Abstract

Cutaneous sarcomatoid squamous cell carcinoma (cSSCC) is well-described with histology resembling pleomorphic undifferentiated sarcoma, having collagenous or myxoid stroma, with or without elements of keratinizing squamous carcinoma. cSSCC should have evidence of epithelial origin or differentiation such as positivity for cytokeratins, p63 or p40. Cutaneous giant cell tumor of soft tissue (cGCT) is exceedingly rare and may have cytokeratin positivity and an HMGA2-NCOR2 fusion.
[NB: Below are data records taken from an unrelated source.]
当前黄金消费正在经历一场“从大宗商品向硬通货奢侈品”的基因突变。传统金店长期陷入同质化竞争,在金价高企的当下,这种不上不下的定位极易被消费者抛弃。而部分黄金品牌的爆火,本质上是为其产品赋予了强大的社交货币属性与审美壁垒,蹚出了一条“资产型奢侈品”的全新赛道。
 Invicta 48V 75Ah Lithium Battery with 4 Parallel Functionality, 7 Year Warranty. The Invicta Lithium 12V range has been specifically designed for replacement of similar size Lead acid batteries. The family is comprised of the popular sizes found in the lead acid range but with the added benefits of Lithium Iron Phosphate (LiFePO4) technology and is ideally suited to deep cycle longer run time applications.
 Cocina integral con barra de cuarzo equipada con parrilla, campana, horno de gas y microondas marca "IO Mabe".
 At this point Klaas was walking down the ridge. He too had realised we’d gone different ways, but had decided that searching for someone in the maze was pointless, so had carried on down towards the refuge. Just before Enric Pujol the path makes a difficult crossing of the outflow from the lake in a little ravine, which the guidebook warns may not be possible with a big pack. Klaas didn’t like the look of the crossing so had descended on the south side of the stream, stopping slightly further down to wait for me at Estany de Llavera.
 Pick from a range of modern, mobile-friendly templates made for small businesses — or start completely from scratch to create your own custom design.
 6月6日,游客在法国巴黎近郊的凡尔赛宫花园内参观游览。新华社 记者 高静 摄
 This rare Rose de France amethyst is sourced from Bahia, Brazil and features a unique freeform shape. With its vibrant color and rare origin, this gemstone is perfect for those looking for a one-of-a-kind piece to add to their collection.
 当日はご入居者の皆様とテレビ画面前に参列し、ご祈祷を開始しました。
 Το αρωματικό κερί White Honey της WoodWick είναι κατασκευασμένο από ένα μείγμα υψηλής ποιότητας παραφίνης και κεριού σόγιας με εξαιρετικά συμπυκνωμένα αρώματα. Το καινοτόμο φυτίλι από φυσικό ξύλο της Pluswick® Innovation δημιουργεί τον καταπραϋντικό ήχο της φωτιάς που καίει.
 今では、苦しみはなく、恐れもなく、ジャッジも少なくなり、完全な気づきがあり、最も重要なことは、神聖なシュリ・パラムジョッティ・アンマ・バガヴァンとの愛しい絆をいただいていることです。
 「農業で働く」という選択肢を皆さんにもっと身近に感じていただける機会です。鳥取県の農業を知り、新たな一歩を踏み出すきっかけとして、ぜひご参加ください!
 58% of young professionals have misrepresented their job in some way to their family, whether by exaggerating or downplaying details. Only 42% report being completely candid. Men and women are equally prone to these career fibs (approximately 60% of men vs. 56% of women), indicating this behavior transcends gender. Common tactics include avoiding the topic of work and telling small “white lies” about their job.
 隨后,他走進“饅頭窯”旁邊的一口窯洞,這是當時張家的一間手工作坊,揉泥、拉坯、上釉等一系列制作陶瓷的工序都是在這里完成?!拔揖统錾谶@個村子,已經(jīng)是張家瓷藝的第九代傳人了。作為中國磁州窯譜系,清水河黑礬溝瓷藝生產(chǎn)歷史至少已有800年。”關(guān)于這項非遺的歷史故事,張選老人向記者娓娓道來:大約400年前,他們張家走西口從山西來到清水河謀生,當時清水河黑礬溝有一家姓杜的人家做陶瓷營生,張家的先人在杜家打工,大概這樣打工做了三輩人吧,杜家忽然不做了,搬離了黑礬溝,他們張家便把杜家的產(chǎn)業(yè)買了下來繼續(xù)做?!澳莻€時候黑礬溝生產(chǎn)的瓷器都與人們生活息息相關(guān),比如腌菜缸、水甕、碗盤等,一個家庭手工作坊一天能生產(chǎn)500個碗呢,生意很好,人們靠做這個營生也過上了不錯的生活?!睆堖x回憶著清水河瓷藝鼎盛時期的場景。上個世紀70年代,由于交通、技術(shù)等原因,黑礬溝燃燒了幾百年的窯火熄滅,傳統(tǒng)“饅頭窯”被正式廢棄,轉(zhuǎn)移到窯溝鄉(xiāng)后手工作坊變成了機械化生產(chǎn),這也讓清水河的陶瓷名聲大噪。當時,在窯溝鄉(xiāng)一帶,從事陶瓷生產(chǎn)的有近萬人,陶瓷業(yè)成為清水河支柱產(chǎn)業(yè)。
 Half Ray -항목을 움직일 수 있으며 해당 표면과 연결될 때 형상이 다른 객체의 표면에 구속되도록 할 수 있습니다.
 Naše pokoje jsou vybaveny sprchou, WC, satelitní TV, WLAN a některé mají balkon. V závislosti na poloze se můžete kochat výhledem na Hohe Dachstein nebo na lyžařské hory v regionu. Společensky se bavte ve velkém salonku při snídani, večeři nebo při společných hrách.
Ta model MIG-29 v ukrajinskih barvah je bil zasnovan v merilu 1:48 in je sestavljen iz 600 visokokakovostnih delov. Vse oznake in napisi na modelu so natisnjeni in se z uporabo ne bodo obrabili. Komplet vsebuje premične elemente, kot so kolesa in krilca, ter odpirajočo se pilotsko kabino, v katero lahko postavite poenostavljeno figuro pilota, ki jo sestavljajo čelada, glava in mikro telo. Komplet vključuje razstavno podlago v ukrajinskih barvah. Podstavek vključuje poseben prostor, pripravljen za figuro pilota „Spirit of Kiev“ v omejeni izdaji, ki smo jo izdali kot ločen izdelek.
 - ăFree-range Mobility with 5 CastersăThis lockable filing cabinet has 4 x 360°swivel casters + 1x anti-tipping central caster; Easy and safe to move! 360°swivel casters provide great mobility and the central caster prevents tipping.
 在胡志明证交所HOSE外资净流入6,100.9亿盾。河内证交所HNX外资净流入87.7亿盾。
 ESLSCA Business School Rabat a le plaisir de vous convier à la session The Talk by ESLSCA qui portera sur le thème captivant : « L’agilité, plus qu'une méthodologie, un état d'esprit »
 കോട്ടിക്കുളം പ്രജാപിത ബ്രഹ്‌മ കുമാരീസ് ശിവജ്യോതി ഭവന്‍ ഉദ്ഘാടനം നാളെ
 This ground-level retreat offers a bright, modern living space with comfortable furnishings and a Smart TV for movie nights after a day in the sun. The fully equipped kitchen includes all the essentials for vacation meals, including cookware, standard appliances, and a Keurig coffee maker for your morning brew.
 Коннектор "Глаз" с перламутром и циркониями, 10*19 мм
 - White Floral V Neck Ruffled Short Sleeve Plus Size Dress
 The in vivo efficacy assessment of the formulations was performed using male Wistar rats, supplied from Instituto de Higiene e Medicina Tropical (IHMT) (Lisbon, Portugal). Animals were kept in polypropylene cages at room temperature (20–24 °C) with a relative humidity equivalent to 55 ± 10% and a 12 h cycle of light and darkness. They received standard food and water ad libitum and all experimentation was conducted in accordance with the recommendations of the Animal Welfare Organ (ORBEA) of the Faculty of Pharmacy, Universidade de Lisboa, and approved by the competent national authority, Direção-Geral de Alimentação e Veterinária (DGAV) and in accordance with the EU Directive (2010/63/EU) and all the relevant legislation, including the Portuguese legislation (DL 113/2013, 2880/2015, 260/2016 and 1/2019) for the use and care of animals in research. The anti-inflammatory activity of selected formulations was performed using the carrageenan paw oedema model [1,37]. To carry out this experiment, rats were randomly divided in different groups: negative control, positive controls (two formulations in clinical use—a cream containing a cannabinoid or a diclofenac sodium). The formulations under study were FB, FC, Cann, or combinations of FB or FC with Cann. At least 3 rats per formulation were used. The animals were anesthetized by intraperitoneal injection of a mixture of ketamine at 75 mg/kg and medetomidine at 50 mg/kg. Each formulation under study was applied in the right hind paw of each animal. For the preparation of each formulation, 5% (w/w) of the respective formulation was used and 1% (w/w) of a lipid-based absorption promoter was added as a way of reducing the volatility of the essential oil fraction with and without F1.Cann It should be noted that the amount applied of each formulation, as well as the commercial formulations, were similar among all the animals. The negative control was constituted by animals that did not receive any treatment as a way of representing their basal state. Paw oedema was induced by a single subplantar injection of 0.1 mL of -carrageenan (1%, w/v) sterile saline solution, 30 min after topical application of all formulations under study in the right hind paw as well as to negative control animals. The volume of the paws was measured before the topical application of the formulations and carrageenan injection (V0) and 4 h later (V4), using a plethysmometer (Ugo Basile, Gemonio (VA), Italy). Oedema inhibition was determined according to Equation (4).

We illustrate two patients with fungating cutaneous tumors composed of sheets of malignant mononuclear cells with malignant osteoclast-like multinucleated giant cells, extravasated blood, and hemosiderin resembling cGCT. Case one was an exophytic facial mass of a 96-year-old woman removed by shave showing extensive cGCT-like tumor but with microscopic elements of squamous cell carcinoma in situ (SCC) and positivity for cytokeratin 5/6 in the malignant spindle cells and SCC. A re-excision had no residual tumor. Case two was a pedunculated penile mass of a 32-year-old removed by shave biopsy that had malignant cytology, resembled cGCT, and had focal staining for cytokeratin AE1/3 and p63. CD68 highlighted the osteoclast-like giant cells. Molecular alterations included CDKN2A, FAT1, SH2B3, TP53, and TERT. Re-excision showed focally invasive keratinizing SCC arising in association with differentiated penile intraepithelial neoplasia and lichen sclerosus, but no residual cGCT-like tumor. Skin specimens with an exophytic mass histologically resembling cGCT but with malignant cytology should be carefully evaluated for elements of SCC. Molecular analysis may also be helpful as H3F3 mutation or HMGA2-NCOR2 fusion would be evidence of GCT bone or GCT soft tissue rather than cSSCC.